「なに、みど何点やったん?」


さっきまで会話に参加していなかった達郎が、興味津々といった様子でみどりと由香の間に入っていった。

それを横目に、俺は間違えた問題を見直し始める。


「え、みど420点!? 俺も俺も!」

「たっくんも420点やったん? 一緒やね!」


さっきは耳打ちしていたのに、もういいのか。大声で点数を言い合い、一緒だと騒ぐみどりと達郎。


「由香は?」

「私はー、みどとたっくんの点数プラス26点やった」

「プラス26点って……え、446点!?」

「さすが由香やなー」


間違えていたのは計算問題だった。マイナスを付け忘れたっていう、ケアレスミス。

あとは記述も、言葉が足りなくて丸が貰えていなかった。
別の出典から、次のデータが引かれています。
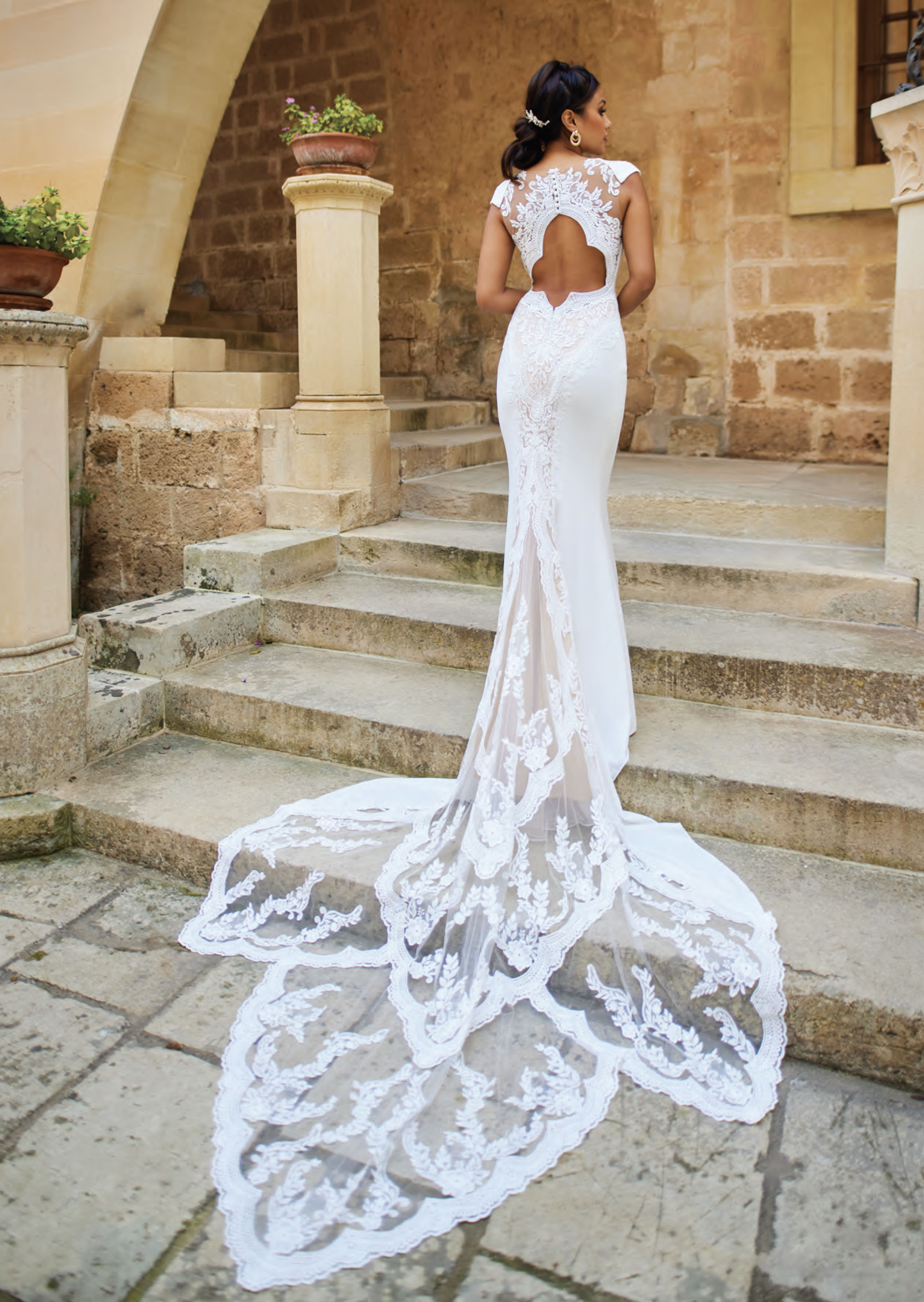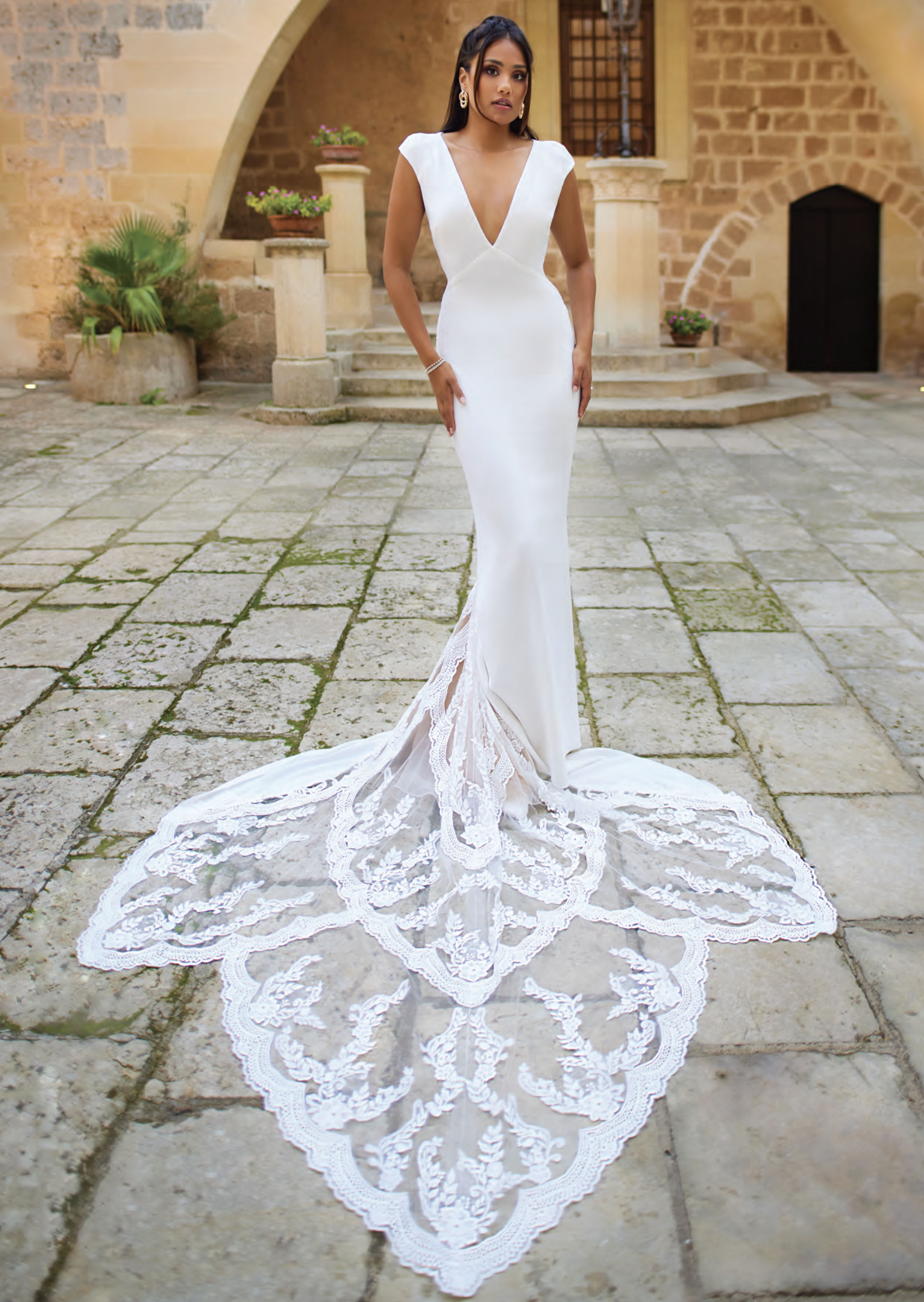 Per una sposa che non vuole passare inosservata questo è l'abito adatto, aderente, scollato e super sensuale, con un importante coda di pizzo capace di lasciare tutti senza fiato.

解説を読みながら、青ペンで直していく。


「そういえば、柊は何点やったん?」

「え」


突然、達郎から声を掛けられた。

少し集中していたものだから、一瞬何を聞かれたのか分からなかったけど、冷静に考える。


「それ気になるわー。柊って賢そうやもんね」


由香は好奇の目で見てきて、みどりも解答用紙で紙飛行機を折りながら俺を見た。そんなふうに見られると、なんか言いにくいんですけど。


「何点何点?」

「えー……」


これは絶対に言わないといけない雰囲気になってしまった。達郎なんて前のめりになっている。渋っても急かされるだけで、意味がない。


「絶対に言わないと駄目なわけ?」

「はーやーくー」

「……あー、もー……」


深い溜め息をひとつ。腹を決めて、小さな声で言った。